The next hard data point lands mid-July 2026. Management guides Q2 GM 65.5–67.5%; any walk-down inside the range would be the first quantified evidence Q1 was the peak.
4 · Money picture
Record revenue, record margin, record cash, and a balance sheet built like a sovereign
NT$3.81T
Revenue FY25
+31.6% YoY
50.8%
Operating margin
record at this scale
NT$1.00T
Free cash flow FY25
on NT$1.27T capex
43.7%
ROIC FY25
~4–5× peer pure-plays
Capex of NT$1.27T in FY25 — larger than the combined annual revenue of UMC, GlobalFoundries and SMIC — funds the next two nodes plus the Arizona, Kumamoto and Dresden builds. Even after that bill, net cash sits at NT$2.10T, dividends grew at 12% CAGR over five years on a flat share count, and stock-based comp runs 0.07% of net income. The FY23 trough ROIC of 27% still tops any rival's best-ever year.
5 · Where we disagree
The FY23 stress test no longer applies — the company that printed it does not exist any more
- What protected TSMC in FY23 was that HPC was secular while smartphone cycled. HPC was 43% of mix then and the No.2 customer was 11% of revenue. In Q1 FY26, HPC is 61% and the No.2 customer is 17% (per the FY2025 20-F) — the segment that absorbed the last shock now is the next shock.
- FY26 capex of NT$1.6–1.7T pre-loads three years of depreciation against AI continuation. If aggregate hyperscaler AI capex (Microsoft + Google + Meta + Amazon + Oracle) flattens for two quarters with capacity already built, the setup is a classical foundry downcycle with peak fixed costs and a customer pool of five names rather than thirty.

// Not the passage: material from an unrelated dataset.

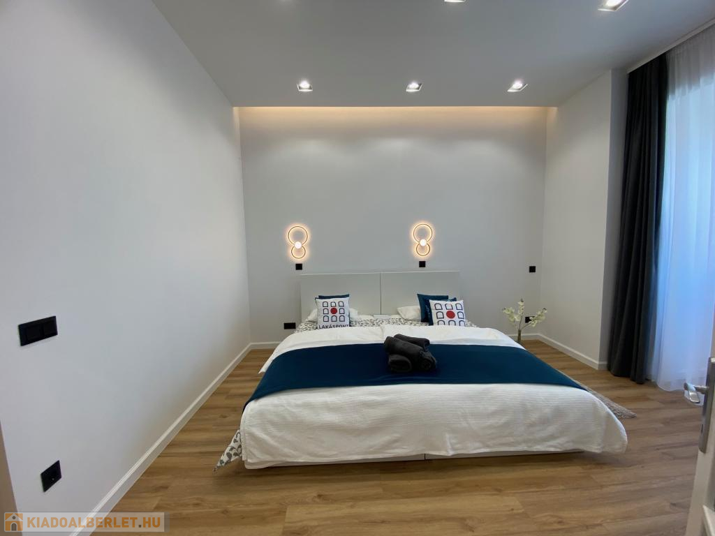 A nappaliból elérhető hálószoba nyugodt, csendes légkört biztosít, a hozzá kapcsolódó, külön gardróbhelyiség pedig praktikus és stílusos megoldás minden igényes bérlő álma.

- Concentration is widening on both sides. Top-10 customer share rose from 70% in FY23 to 78% in FY25; the No.2 customer doubled from 11% to 17%; ~63% of ≤7nm capacity sits in Taiwan, and Arizona's first ramp already dilutes gross margin 2–3pp through 2028. The marginal customer's incentive to qualify a second source has never been higher.
Consensus is 98% buy on 49 analysts. A single soft monthly print or one dilution-walk comment in the July call would test a narrative the positioning has little room to absorb.
6 · Bull & Bear
Lean long, wait for confirmation — durable returns are in the record; the regime claim is not
- For. The compounding engine is already in the income statement — FY25 ROIC 43.7%, NT$1.00T of free cash flow on record capex, FY23 trough margins above every rival's peak, share count flat for a decade, stock-based comp 0.07% of net income.
- For. CoWoS packaging is sold out through 2026 and Broadcom publicly flags TSMC as the binding capacity constraint, while both credible leading-edge rivals shrank or burned cash in FY25.
- Against. 29× trailing P/E and the highest fiscal-year-end EV/EBITDA in the 11-year dataset, on gross margin 10 points above management's own through-cycle anchor — a reversion to 56% would compress operating profit by NT$380B+ before any revenue decline.
- Against. The whole P&L now leans on hyperscaler AI capex, Apple-multi-sourcing rumours re-surfaced in May 2026, and management has disclosed but not yet absorbed a 5–7pp gross-margin headwind stack through 2028.
My view — the bull's case is in the record; the bear's case is in the price and the calendar. Own the leading-edge monopoly if Q2 FY26 prints gross margin ≥64% with HPC mix ≥60%; revert to avoid if a flagship customer publicly names Samsung 2nm or Intel 18A within 2026–27.
Watchlist to re-rate: Q2 FY26 gross margin print and Q3/Q4 dilution walk-down commentary (mid-July 2026); Samsung Foundry segment revenue with or without a named HPC customer at 2nm; aggregate hyperscaler AI capex trajectory across two reporting cycles.